**Records supplied:**
________________________

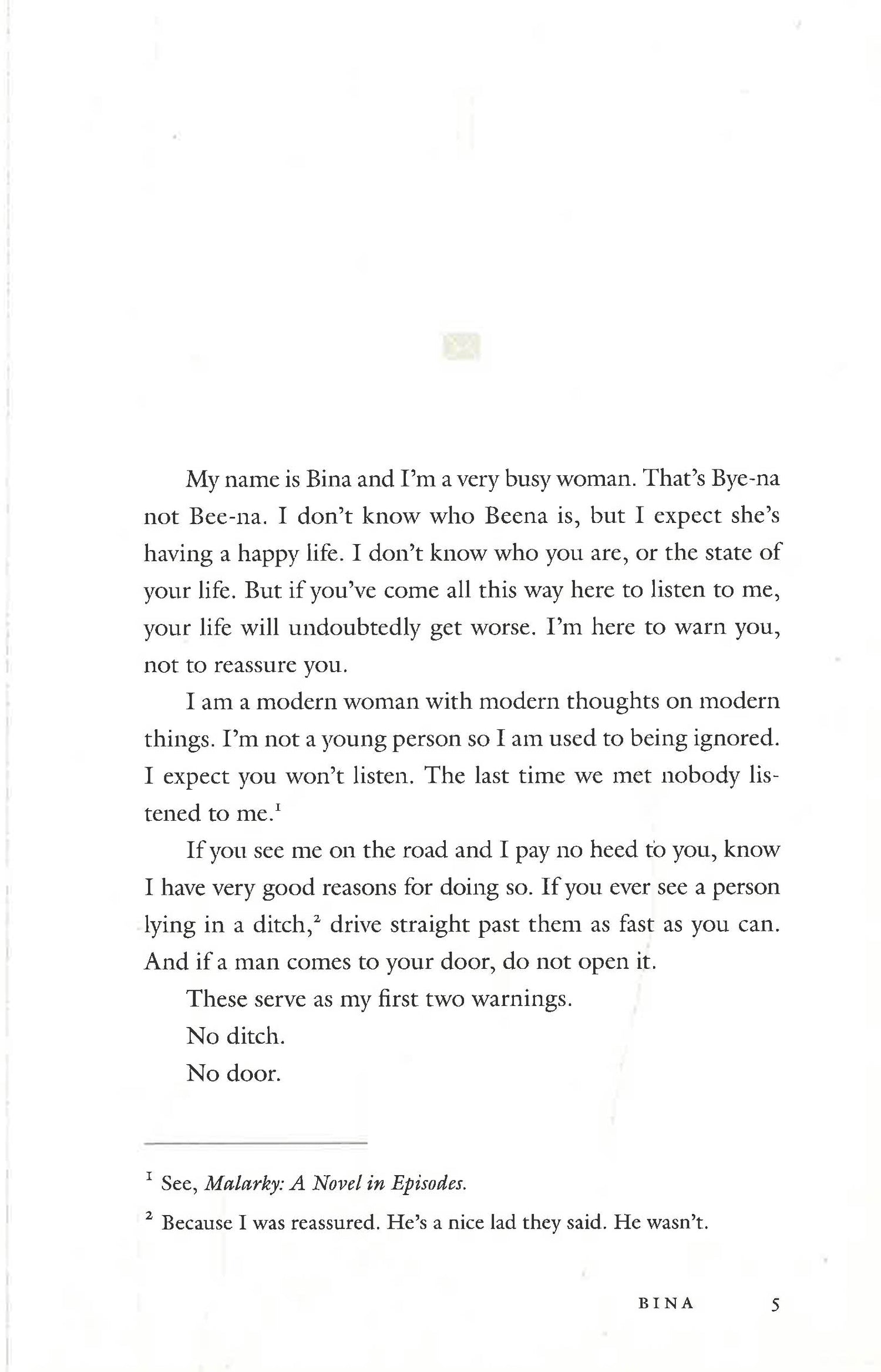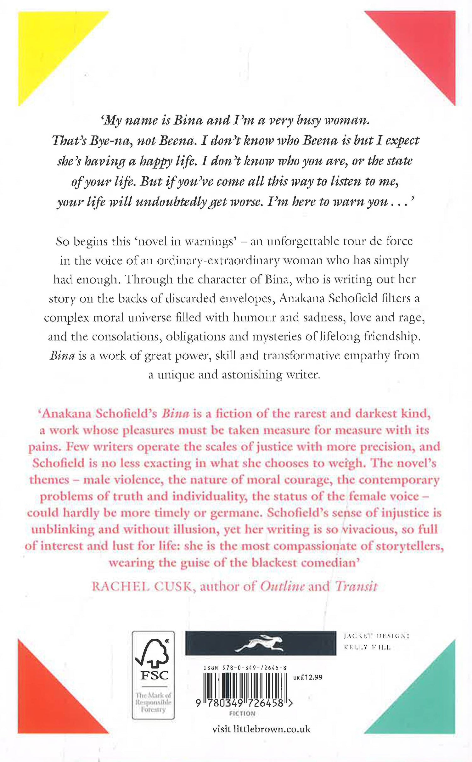 My name is Bina and I'm a very busy woman. That's Bye-na, not Beena. I don't know who Beena is but I expect she's having a happy life. I don't know who you are, or the state of your life. But if you've come all this way here to listen to me, your life will undoubtedly get worse. I'm here to warn you . . .So begins this 'novel in warnings' - an unforgettable tour de force in the voice of an ordinary-extraordinary woman who has simply had enough. Through the character of Bina, who is writing out her story on the backs of discarded envelopes, Anakana Schofield filters a complex moral universe filled with humour and sadness, love and rage, and the consolations, obligations and mysteries of lifelong friendship. A work of great power, skill, and transformative empathy from a unique and astonishing writer.
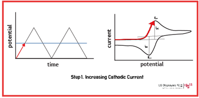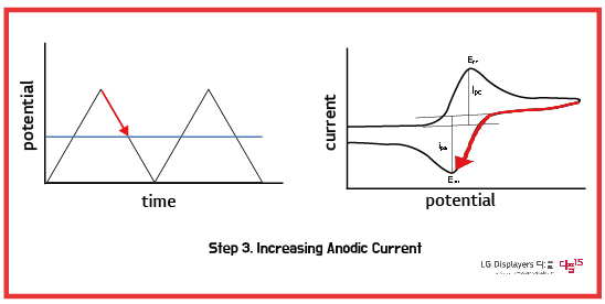 5) 환원되어 생긴 생성물이 소진되면서 전류값이 감소한다. 이와 같은 순서가 계속해서 반복되는 것이 순환 전압 전류법이다.
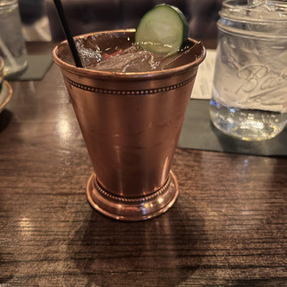 Inside the restaurant, it has pictures on the wall of Greg and Norman, some together and some solo. The atmosphere was amazing for a smaller place and yet it still felt big inside. They had a long bar on the right side and plenty of seating throughout the place. We had a reservation, so we were seated immediately, it doesn’t seem that you need one to eat there though. There was a page from “The Walking Dead” graphic novel sitting above our table, which was really cool also being a fan of the books. Our waiter came to take our drink orders. We got five drinks in total off their cocktail menu: the Kentucky Colada, Reedus Ruffian, Private Johnson, Cucumber Mule, and the Cinnamon Ghost Crunch. All three were unique and tasted good. They have a cocktail for everyone, including non-alcoholic ones, and they also serve beer from a lot of local breweries such as West Sixth and Blue Stallion.
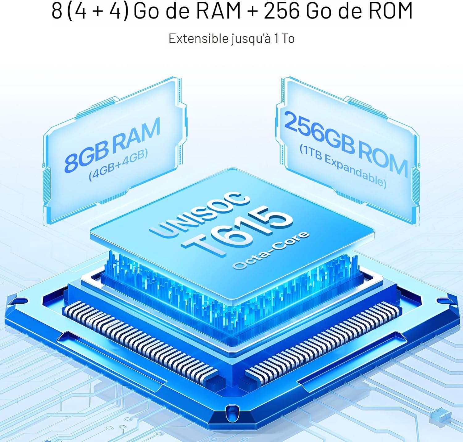Le téléphone portable déverrouillé dispose d'une configuration de 8 Go de RAM et de 256 Go de ROM, avec prise en charge d'une extension de carte TF jusqu'à 1 To. Il offre également deux emplacements SIM qui peuvent accueillir deux cartes SIM Nano ou une combinaison d'une carte Nano SIM et d'une carte TF
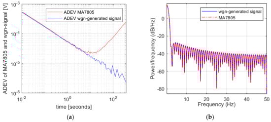 A comparison of MA7805 regulator measured values and wgn-generated values in MATLAB is shown in Figure 15a. Here, it can be seen that the white noise of a real MA7805 linear regulator and the generated wgn-values (based on coefficient) are similar in the first region of the ADEV curve. In the same way, of the linear regulator MA7805 and of the wgn-generated noise in Figure 15b are the same.

________________________

**Task prompt:** Starting from the first line of the listing above, write out every line exactly through the one containing "5) 환원되어 생긴 생성물이", and drop the pictures.

**Finished task:**
 My name is Bina and I'm a very busy woman. That's Bye-na, not Beena. I don't know who Beena is but I expect she's having a happy life. I don't know who you are, or the state of your life. But if you've come all this way here to listen to me, your life will undoubtedly get worse. I'm here to warn you . . .So begins this 'novel in warnings' - an unforgettable tour de force in the voice of an ordinary-extraordinary woman who has simply had enough. Through the character of Bina, who is writing out her story on the backs of discarded envelopes, Anakana Schofield filters a complex moral universe filled with humour and sadness, love and rage, and the consolations, obligations and mysteries of lifelong friendship. A work of great power, skill, and transformative empathy from a unique and astonishing writer.
 5) 환원되어 생긴 생성물이 소진되면서 전류값이 감소한다. 이와 같은 순서가 계속해서 반복되는 것이 순환 전압 전류법이다.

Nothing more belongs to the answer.